For each record that follows, give it back exactly, with no pictures included.

*** EXCERPTED RECORDS ***

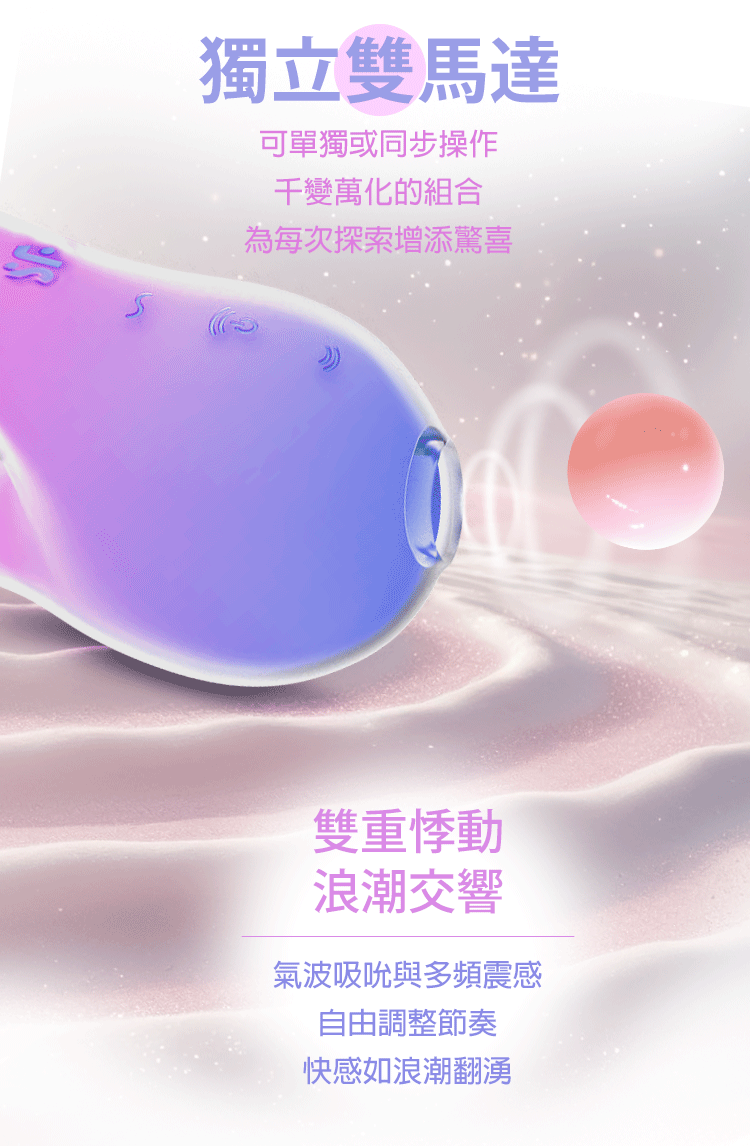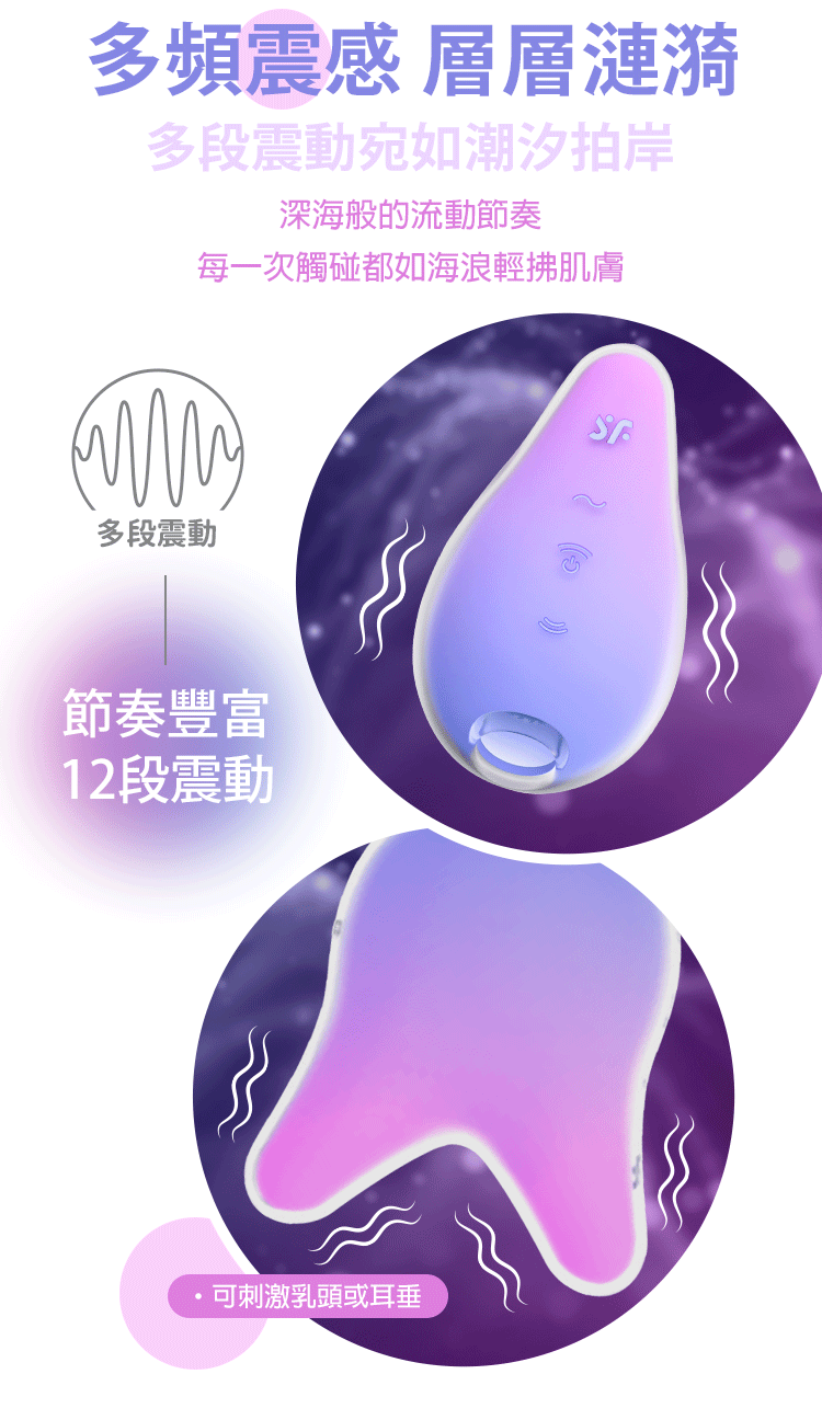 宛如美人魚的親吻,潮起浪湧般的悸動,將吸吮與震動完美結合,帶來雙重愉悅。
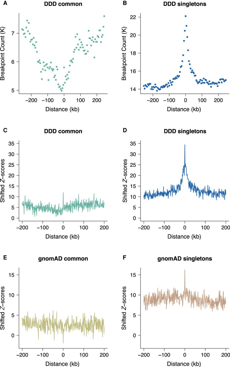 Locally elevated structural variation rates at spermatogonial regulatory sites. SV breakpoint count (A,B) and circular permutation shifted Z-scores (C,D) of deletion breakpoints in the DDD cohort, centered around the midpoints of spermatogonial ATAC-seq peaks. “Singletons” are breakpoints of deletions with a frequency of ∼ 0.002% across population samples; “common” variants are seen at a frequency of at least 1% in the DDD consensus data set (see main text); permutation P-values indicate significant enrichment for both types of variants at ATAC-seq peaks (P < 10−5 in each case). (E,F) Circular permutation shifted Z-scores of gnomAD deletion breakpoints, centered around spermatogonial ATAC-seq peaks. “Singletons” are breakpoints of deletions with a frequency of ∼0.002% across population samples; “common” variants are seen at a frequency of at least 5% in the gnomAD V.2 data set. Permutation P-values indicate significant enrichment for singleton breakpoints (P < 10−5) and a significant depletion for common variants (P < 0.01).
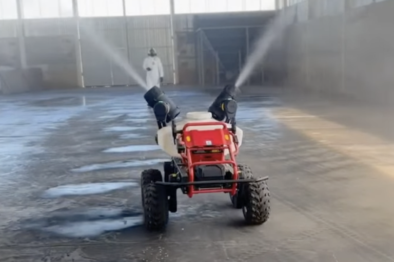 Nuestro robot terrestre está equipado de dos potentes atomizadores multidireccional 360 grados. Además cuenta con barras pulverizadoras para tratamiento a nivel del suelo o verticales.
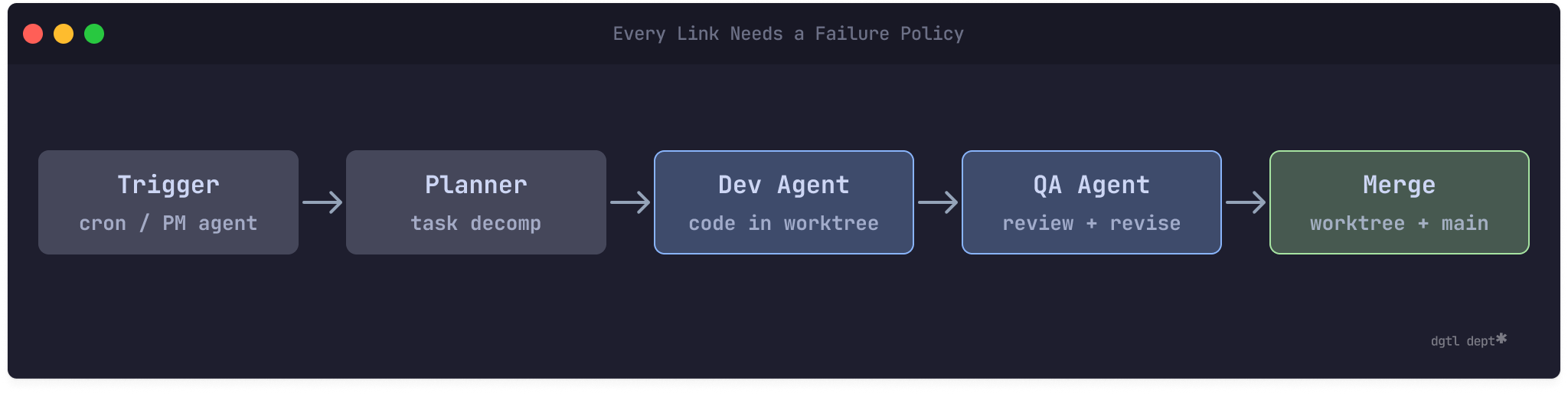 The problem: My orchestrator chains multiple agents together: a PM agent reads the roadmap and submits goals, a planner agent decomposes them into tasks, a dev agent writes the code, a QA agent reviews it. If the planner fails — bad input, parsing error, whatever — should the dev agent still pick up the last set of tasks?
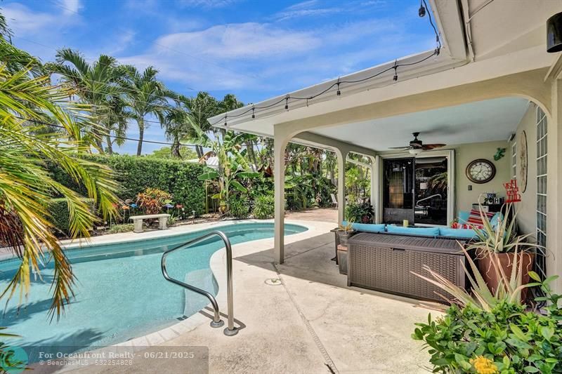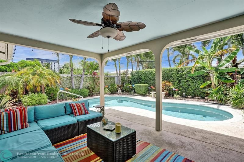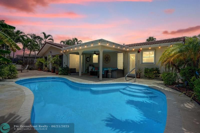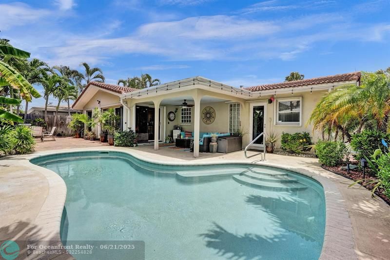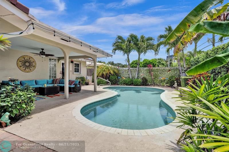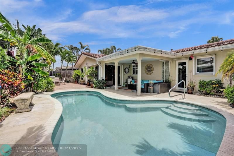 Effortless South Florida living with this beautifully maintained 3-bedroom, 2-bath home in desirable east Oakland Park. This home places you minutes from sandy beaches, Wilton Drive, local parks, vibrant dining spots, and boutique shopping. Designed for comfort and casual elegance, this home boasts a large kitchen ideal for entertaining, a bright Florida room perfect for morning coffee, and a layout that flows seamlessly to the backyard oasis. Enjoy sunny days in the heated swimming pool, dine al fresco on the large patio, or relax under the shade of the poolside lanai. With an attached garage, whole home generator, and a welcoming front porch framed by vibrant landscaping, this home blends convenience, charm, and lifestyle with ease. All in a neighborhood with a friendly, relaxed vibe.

*** End of EXCERPTED RECORDS ***

PROBLEM SOLUTION:
 宛如美人魚的親吻,潮起浪湧般的悸動,將吸吮與震動完美結合,帶來雙重愉悅。
 Locally elevated structural variation rates at spermatogonial regulatory sites. SV breakpoint count (A,B) and circular permutation shifted Z-scores (C,D) of deletion breakpoints in the DDD cohort, centered around the midpoints of spermatogonial ATAC-seq peaks. “Singletons” are breakpoints of deletions with a frequency of ∼ 0.002% across population samples; “common” variants are seen at a frequency of at least 1% in the DDD consensus data set (see main text); permutation P-values indicate significant enrichment for both types of variants at ATAC-seq peaks (P < 10−5 in each case). (E,F) Circular permutation shifted Z-scores of gnomAD deletion breakpoints, centered around spermatogonial ATAC-seq peaks. “Singletons” are breakpoints of deletions with a frequency of ∼0.002% across population samples; “common” variants are seen at a frequency of at least 5% in the gnomAD V.2 data set. Permutation P-values indicate significant enrichment for singleton breakpoints (P < 10−5) and a significant depletion for common variants (P < 0.01).
 Nuestro robot terrestre está equipado de dos potentes atomizadores multidireccional 360 grados. Además cuenta con barras pulverizadoras para tratamiento a nivel del suelo o verticales.
 The problem: My orchestrator chains multiple agents together: a PM agent reads the roadmap and submits goals, a planner agent decomposes them into tasks, a dev agent writes the code, a QA agent reviews it. If the planner fails — bad input, parsing error, whatever — should the dev agent still pick up the last set of tasks?
 Effortless South Florida living with this beautifully maintained 3-bedroom, 2-bath home in desirable east Oakland Park. This home places you minutes from sandy beaches, Wilton Drive, local parks, vibrant dining spots, and boutique shopping. Designed for comfort and casual elegance, this home boasts a large kitchen ideal for entertaining, a bright Florida room perfect for morning coffee, and a layout that flows seamlessly to the backyard oasis. Enjoy sunny days in the heated swimming pool, dine al fresco on the large patio, or relax under the shade of the poolside lanai. With an attached garage, whole home generator, and a welcoming front porch framed by vibrant landscaping, this home blends convenience, charm, and lifestyle with ease. All in a neighborhood with a friendly, relaxed vibe.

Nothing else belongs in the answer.